As a starting point for the CI Pipeline, we assume that a basic configuration (Root Config) already exists. This RootConfig is generally provided in a distributed manner and contains hardware-specific information and definitions (e.g., clock frequencies of the cores, multipliers for bus clock frequencies, drivers, operating system, etc.). For instance, the source codes of the drivers originate from a git, while other libraries are stored as binary files in an Artifactory. The RootConfig is then supplemented with application-specific bus signals from the Communication Extract and synthesized empty OS Tasks. The latter can be derived automatically from the structure of the application software components (synthesize Tasks).

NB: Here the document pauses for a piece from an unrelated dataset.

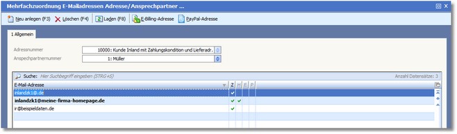 << Hier KLicken um eine Inhaltsübersicht anzuzeigen >> Navigation: Finanzbuchhaltung > Stammdaten > Personenkonten > Die Karteikarte "Adressauswahl" > Adressen erfassen/ändern > Ansprechpartner erfassen/ändern > Weitere eMail-Adressen |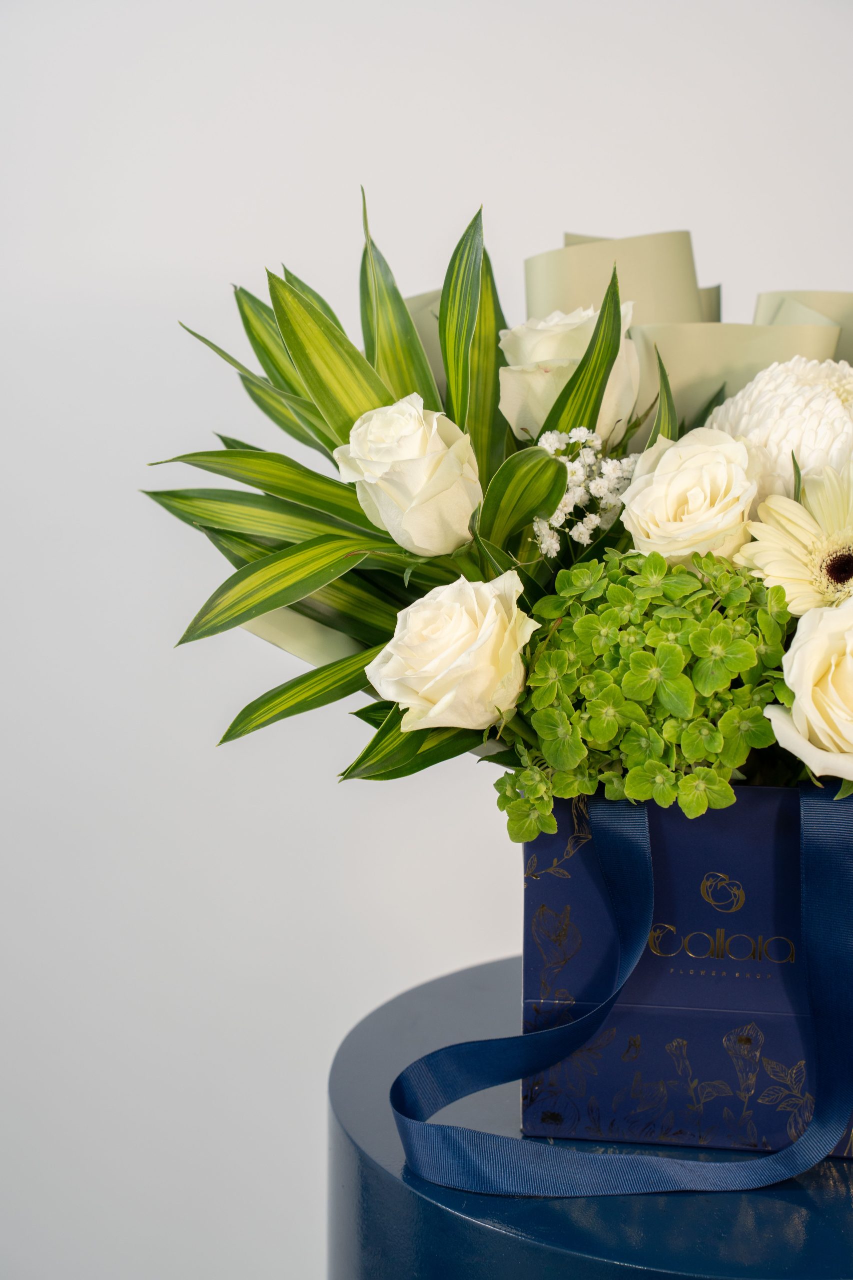 Ethereal Spark is a fresh and luminous floral arrangement featuring creamy white roses, soft white blooms, and vibrant green hydrangea, beautifully styled in a refined mini bag for a clean and uplifting presentation.

The individual application SWC Extracts are then imported and integrated in the integrateApplications step and are mapped to the source codes stored in a git. In the next step, all runnables from the software components are mapped to OS Tasks (mapRunnablesToTasks). After this step, the complete ECU configuration (Full Model) can be exported so that it can be analyzed and validated in the TA Tool Suite. If there are still problems in complying with time requirements, they are noted in a Timing Report. After the runnable-to-task mapping, the task source code (among others) is generated, and everything is compiled. The resulting Binary can be tested in further steps of the CI Pipeline (not shown in the figure) and integrated in the overall system.
The continuous consideration and validation of timing requirements and properties saves reworking costs that could arise in subsequent development steps or during the integration phase. Additionally, our tool flow concept enables a better automation of process steps that are still being performed manually today during the development of embedded systems. This results in a development process that is based on Correct-By-Construction & Continuous Integration as envisioned in the XANDAR project.